Der Nachteil liegt auf der Hand: das eingeschränkte Wertschriftenangebot. Dies gilt insbesondere für Neon und Yuh. Verfügbar sind vor allem Standardtitel. Wer in exotischere Aktien oder andere Anlageklassen wie Obligationen investieren möchte, geht bei Smartphone-Banken leer aus. Auch der Leistungsumfang ist ähnlich schmal.
Zu beachten ist überdies, dass Neobanken je nach Anlageprofil nicht die günstigste Option sind. Vor allem bei höheren Anlagebeträgen können die Gebühren bei klassischen Brokern niedriger ausfallen.
Für wen eignen sich Investitionen mit Smartphone-Banken?
Smartphone-Banken eignen sich für Sie zum Kauf von Wertschriften insbesondere unter folgenden Bedingungen:
- Sie investieren kleine Beträge: Sie hantieren nicht mit grossen Summen, sondern investieren in der Regel nur Beträge von maximal ein paar hundert Franken.
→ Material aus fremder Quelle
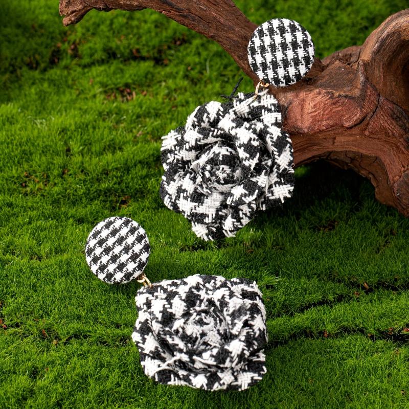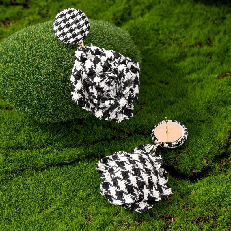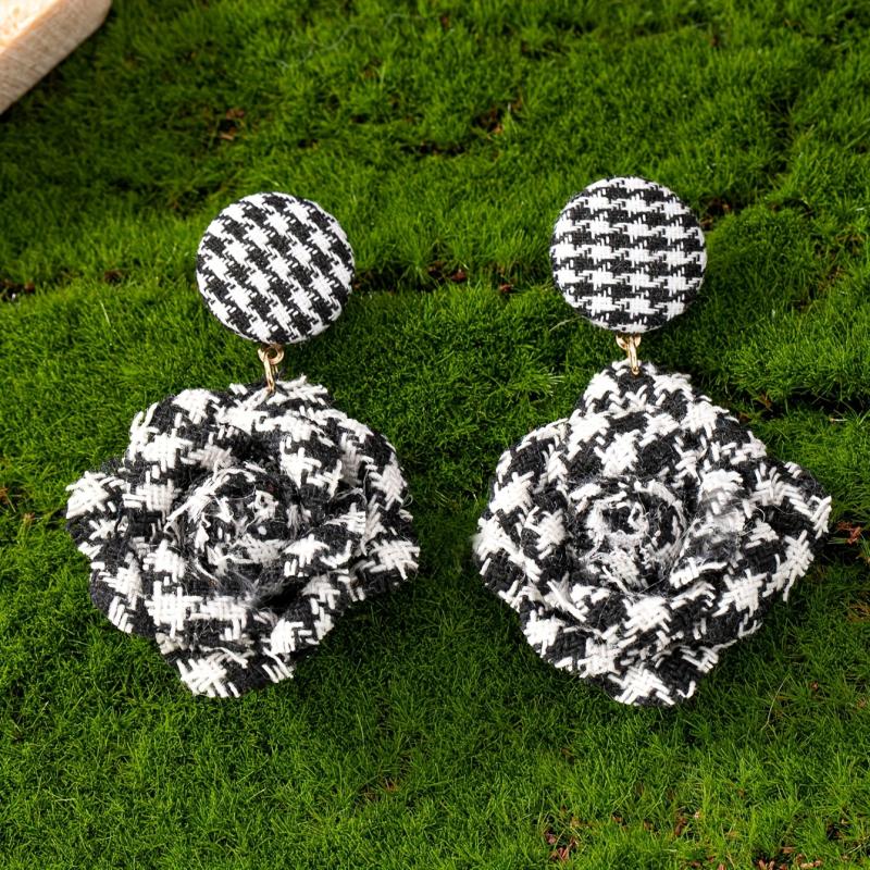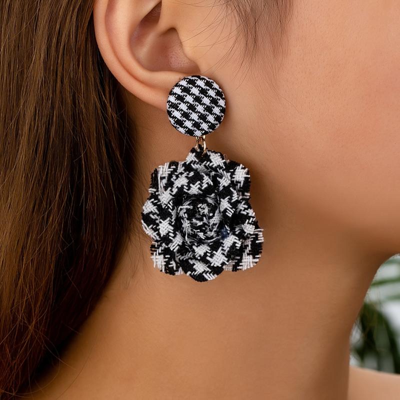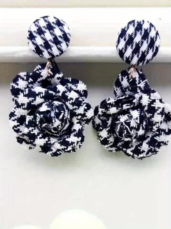 Add a touch of vintage charm to your look with these French floral stud earrings featuring checkered roses. These lightweight earrings are perfect for everyday wear or special occasions.

Besonders günstige Broker können aber bereits bei Transaktionsbeträgen von rund 500 bis 600 Franken die kostengünstigere Wahl sein.
- Ihnen reicht eine geringe Auswahl: Ihnen genügen die Aktien der bekanntesten internationalen und Schweizer Unternehmen sowie ETF auf die wichtigsten Aktienindizes. Auch dass Ihnen nur je ein ETF pro Index offensteht, stört Sie nicht. In exotischere Anlageklassen wie Forex, Futures und Optionen legen Sie ohnehin nicht an.
- Ihnen genügt eine einfache App: Sie erledigen Ihre Anlagegeschäfte gerne und mühelos über eine App. Klassische Broker bieten neben einer App in der Regel auch eine Trading-Plattform für den Computer an – im Gegensatz zu Smartphone-Banken.